### THE DATA
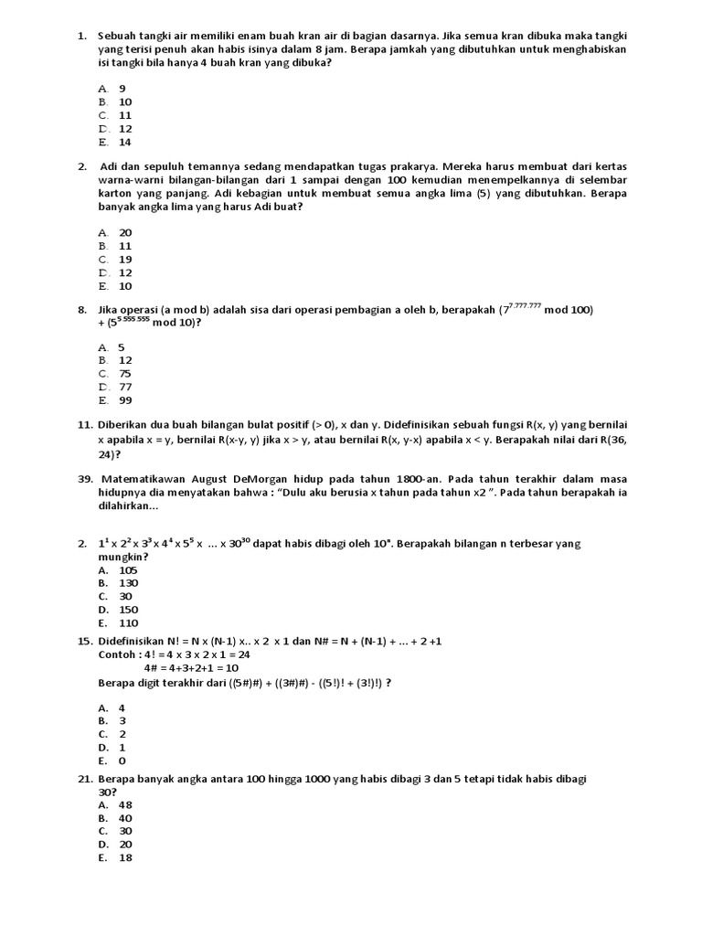 Pdf Pembahasan Olimpiade Sains 2013 Tingkat Kabupaten Kota Bidang Informatika Komputer Bagian A Aritmetika Dan Logika 30 Soal Duabelas Ipa Enam Academia Edu
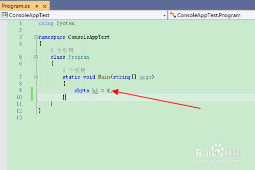在 Main() 本家儿函数中,插入语句:“sbyte bA = 4;”,界说一个sbyte对象。
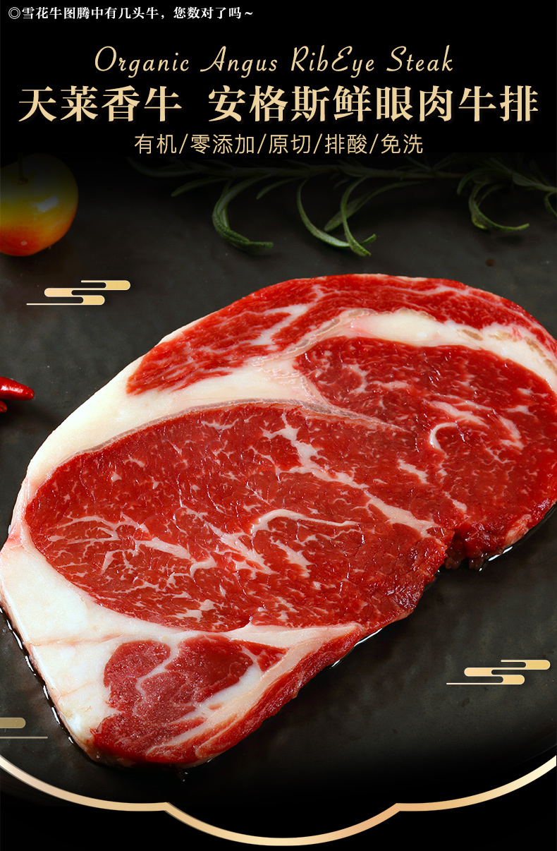【冷鲜预售】有机天莱香牛 安格斯 眼肉 牛排 原切谷饲 国产200g/盒*5盒
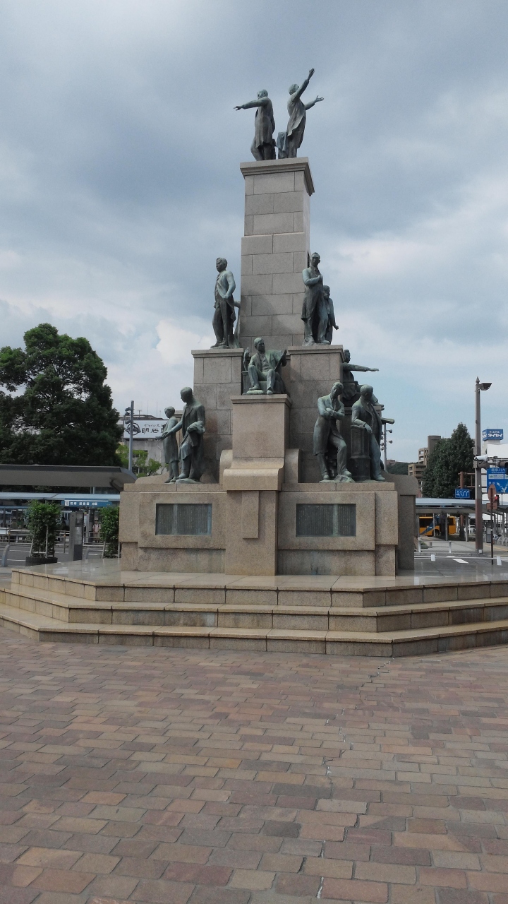 ちょうど市内電車の駅とソラリア西鉄ホテルの傍で、西洋の服に着る銅像の人に改革と進歩についての意味をよく表現されます。特に一番の上に、二名の銅像で自信で輝く未来を迎える意識に示す。いつも都市の周りの雰囲気を対応されます。

### BRIEF
Copy out, unchanged, the span of lines beginning with the one that includes "牛排 原切谷饲 国产200g/盒*5盒" and running through the final line of the material above. Leave the pictures out.

### OUTPUT OF THE EXERCISE
【冷鲜预售】有机天莱香牛 安格斯 眼肉 牛排 原切谷饲 国产200g/盒*5盒
 ちょうど市内電車の駅とソラリア西鉄ホテルの傍で、西洋の服に着る銅像の人に改革と進歩についての意味をよく表現されます。特に一番の上に、二名の銅像で自信で輝く未来を迎える意識に示す。いつも都市の周りの雰囲気を対応されます。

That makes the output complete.